Question

One end of a string of length $L$ is tied to the ceiling of a lift accelerating upwards with an acceleration $2g$. The other end of the string is free. The linear mass density of the string varies linearly from $0$ to $\lambda$ from bottom to top.

• A. The velocity of the wave in the string will be $0$.
• B. The acceleration of the wave on the string will be $3g/4$ every where.
• C. The time taken by a pulse to reach from bottom to top will be $\sqrt{8L/3g}.$
• D. The time taken by a pulse to reach from bottom to top will be $\sqrt{4L/3g}.$

Answer 1

Answer: (B), (C)

The acceleration of the wave on the string will be $3g/4$ every where.
The time taken by a pulse to reach from bottom to top will be $\sqrt{8L/3g}.$

The acceleration of string in ground frame will be $3g$. Now, draw fbd of piece of string that is $x$ units long from the bottom. Let tension at this distance be $T$.

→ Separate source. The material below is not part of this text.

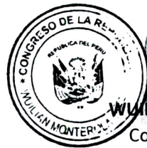
WILIAN MONTEROLA ABREGU Congresista de la República

$T-\left({\int }_0^x\frac{\lambda x}{L}dx\right)g=\left({\int }_0^x\frac{\lambda x}{L}dx\right)\left(2g\right)$

$T=\frac{3\lambda x^2}{2L}g$

Now, speed of wave in a string is,

$v=\sqrt{\frac{T}{\mu }}=\sqrt{\frac{\frac{3\lambda x^2}{2L}g}{\frac{\lambda x}{L}}}=\sqrt{\frac{3}{2}gx}$

Also, $a=\frac{dv}{dt}=v\frac{dv}{dx}=\frac{3g}{4}$

This is the acceleration of wave relative to the string.

Now, by $L=ut+\frac{1}{2}a{t}^2$, we get $t=\sqrt{\frac{8L}{3g}}$.